## Work instruction
Each line of the listing below must be retyped exactly, with images left out.

## Provided data
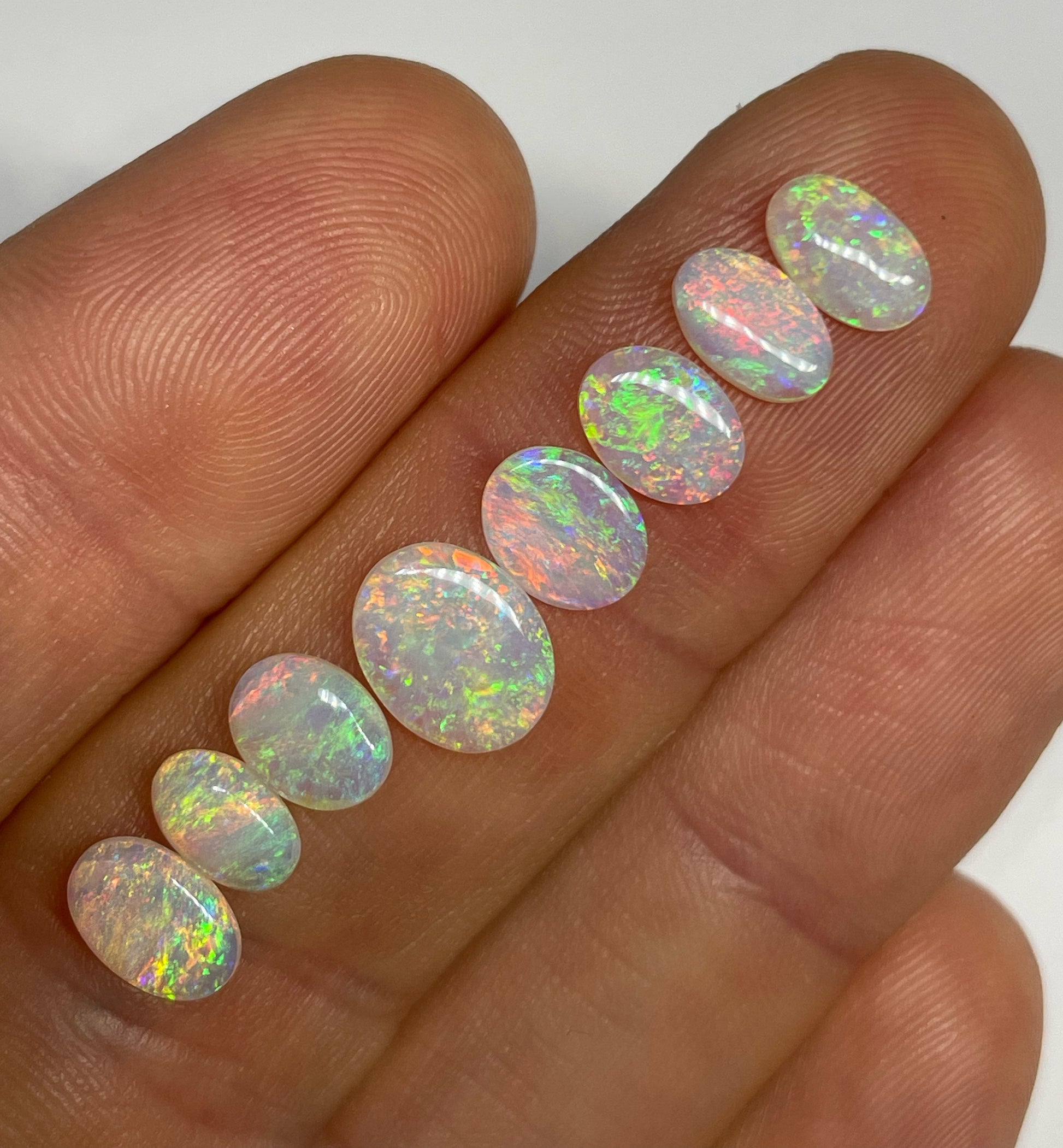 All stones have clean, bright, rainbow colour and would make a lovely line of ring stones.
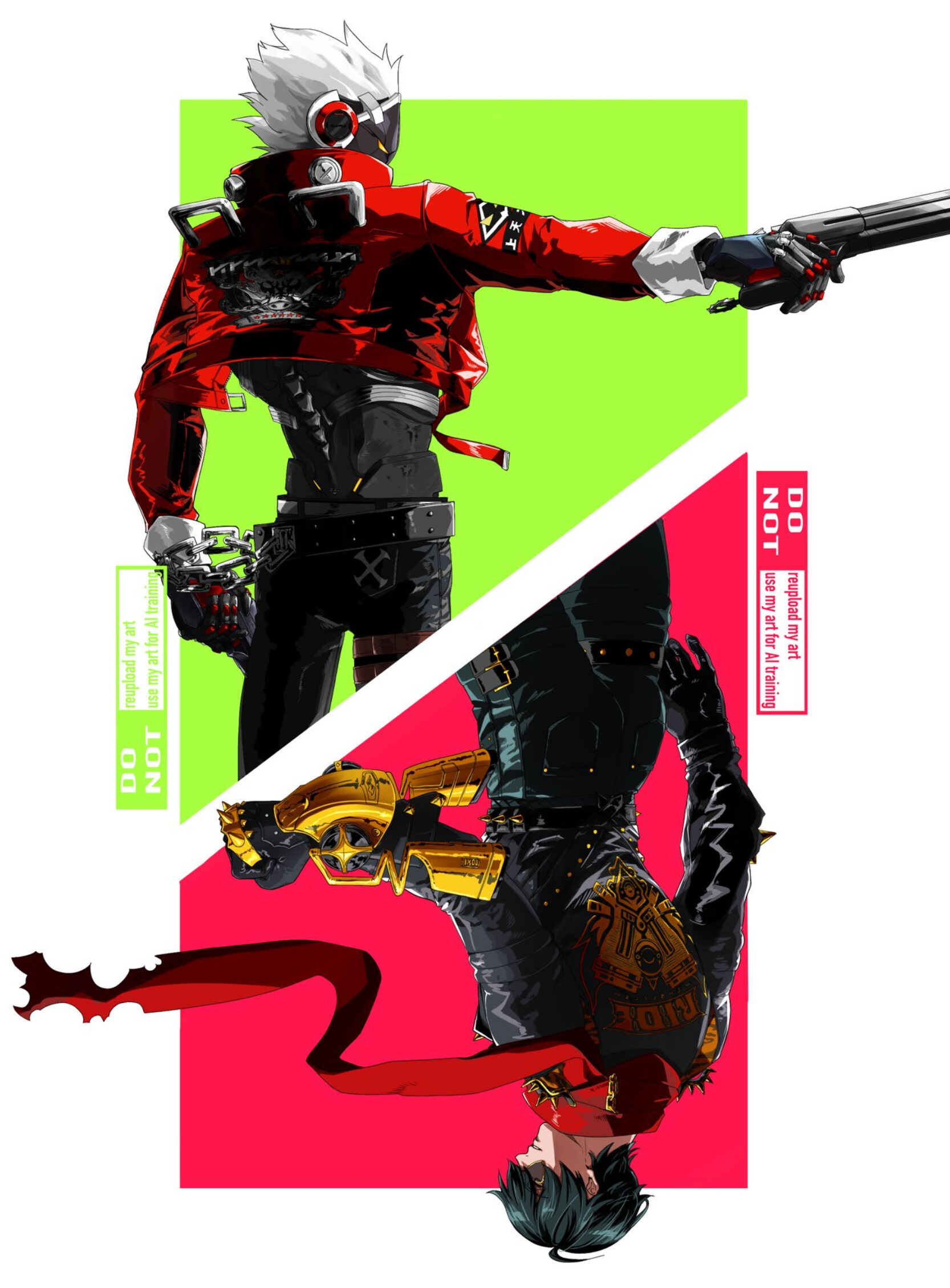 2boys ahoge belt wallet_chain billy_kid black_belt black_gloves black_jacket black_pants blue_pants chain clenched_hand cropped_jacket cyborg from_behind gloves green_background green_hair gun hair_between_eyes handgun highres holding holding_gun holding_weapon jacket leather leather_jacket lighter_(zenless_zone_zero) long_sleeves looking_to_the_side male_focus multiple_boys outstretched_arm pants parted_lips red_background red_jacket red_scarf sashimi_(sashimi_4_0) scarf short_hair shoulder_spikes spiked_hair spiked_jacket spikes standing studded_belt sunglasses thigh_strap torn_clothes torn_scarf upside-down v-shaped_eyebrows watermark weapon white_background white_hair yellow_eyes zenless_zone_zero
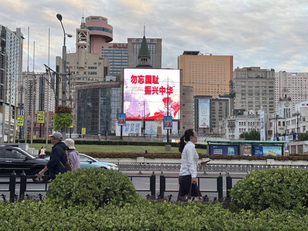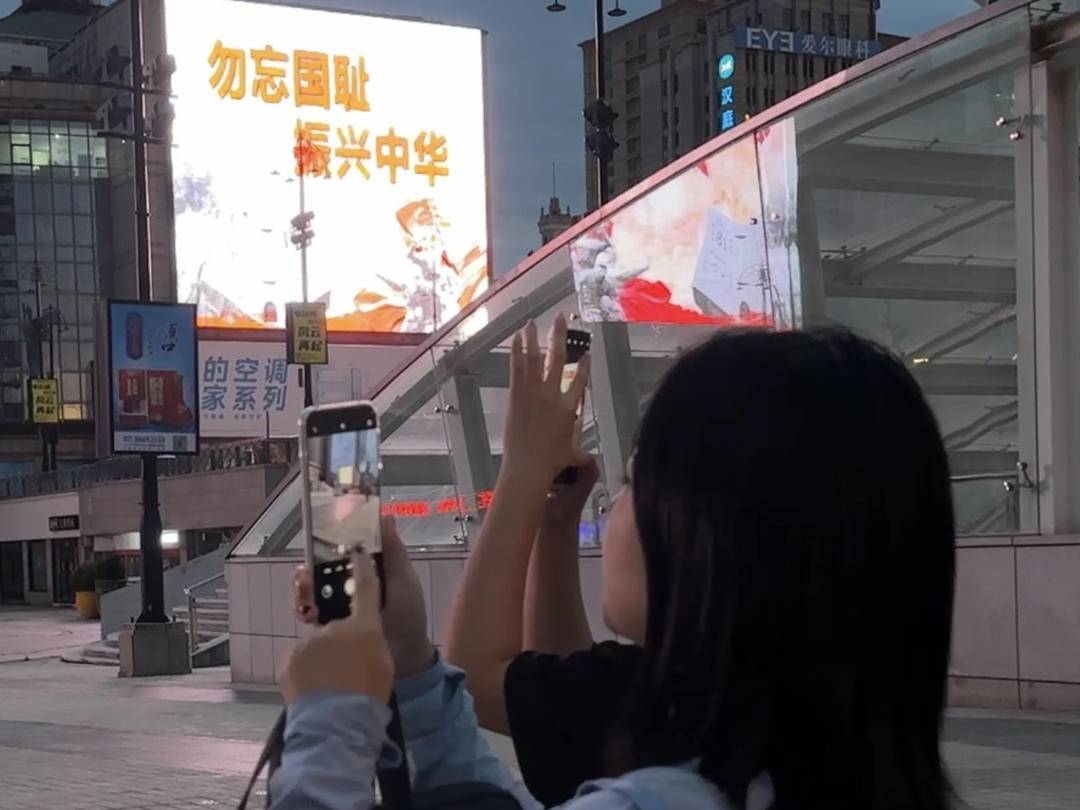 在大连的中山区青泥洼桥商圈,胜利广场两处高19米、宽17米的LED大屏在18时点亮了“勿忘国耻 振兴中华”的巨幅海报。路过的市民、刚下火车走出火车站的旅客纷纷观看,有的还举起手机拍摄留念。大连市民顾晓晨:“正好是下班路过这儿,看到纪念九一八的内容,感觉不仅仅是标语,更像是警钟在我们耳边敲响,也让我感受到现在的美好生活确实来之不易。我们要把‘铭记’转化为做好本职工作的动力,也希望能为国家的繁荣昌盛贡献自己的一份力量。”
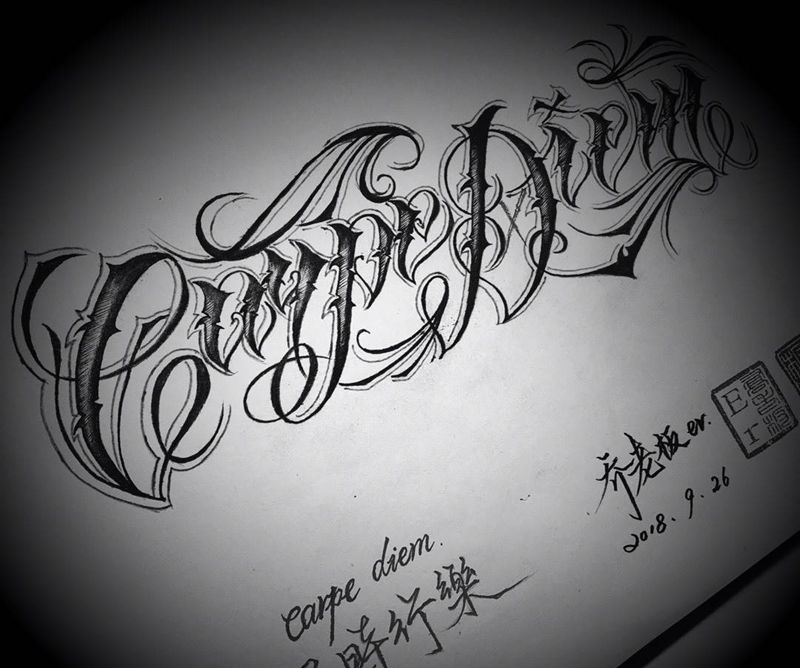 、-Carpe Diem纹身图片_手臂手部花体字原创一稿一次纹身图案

## Solution to the exercise
 All stones have clean, bright, rainbow colour and would make a lovely line of ring stones.
 2boys ahoge belt wallet_chain billy_kid black_belt black_gloves black_jacket black_pants blue_pants chain clenched_hand cropped_jacket cyborg from_behind gloves green_background green_hair gun hair_between_eyes handgun highres holding holding_gun holding_weapon jacket leather leather_jacket lighter_(zenless_zone_zero) long_sleeves looking_to_the_side male_focus multiple_boys outstretched_arm pants parted_lips red_background red_jacket red_scarf sashimi_(sashimi_4_0) scarf short_hair shoulder_spikes spiked_hair spiked_jacket spikes standing studded_belt sunglasses thigh_strap torn_clothes torn_scarf upside-down v-shaped_eyebrows watermark weapon white_background white_hair yellow_eyes zenless_zone_zero
 在大连的中山区青泥洼桥商圈,胜利广场两处高19米、宽17米的LED大屏在18时点亮了“勿忘国耻 振兴中华”的巨幅海报。路过的市民、刚下火车走出火车站的旅客纷纷观看,有的还举起手机拍摄留念。大连市民顾晓晨:“正好是下班路过这儿,看到纪念九一八的内容,感觉不仅仅是标语,更像是警钟在我们耳边敲响,也让我感受到现在的美好生活确实来之不易。我们要把‘铭记’转化为做好本职工作的动力,也希望能为国家的繁荣昌盛贡献自己的一份力量。”
 、-Carpe Diem纹身图片_手臂手部花体字原创一稿一次纹身图案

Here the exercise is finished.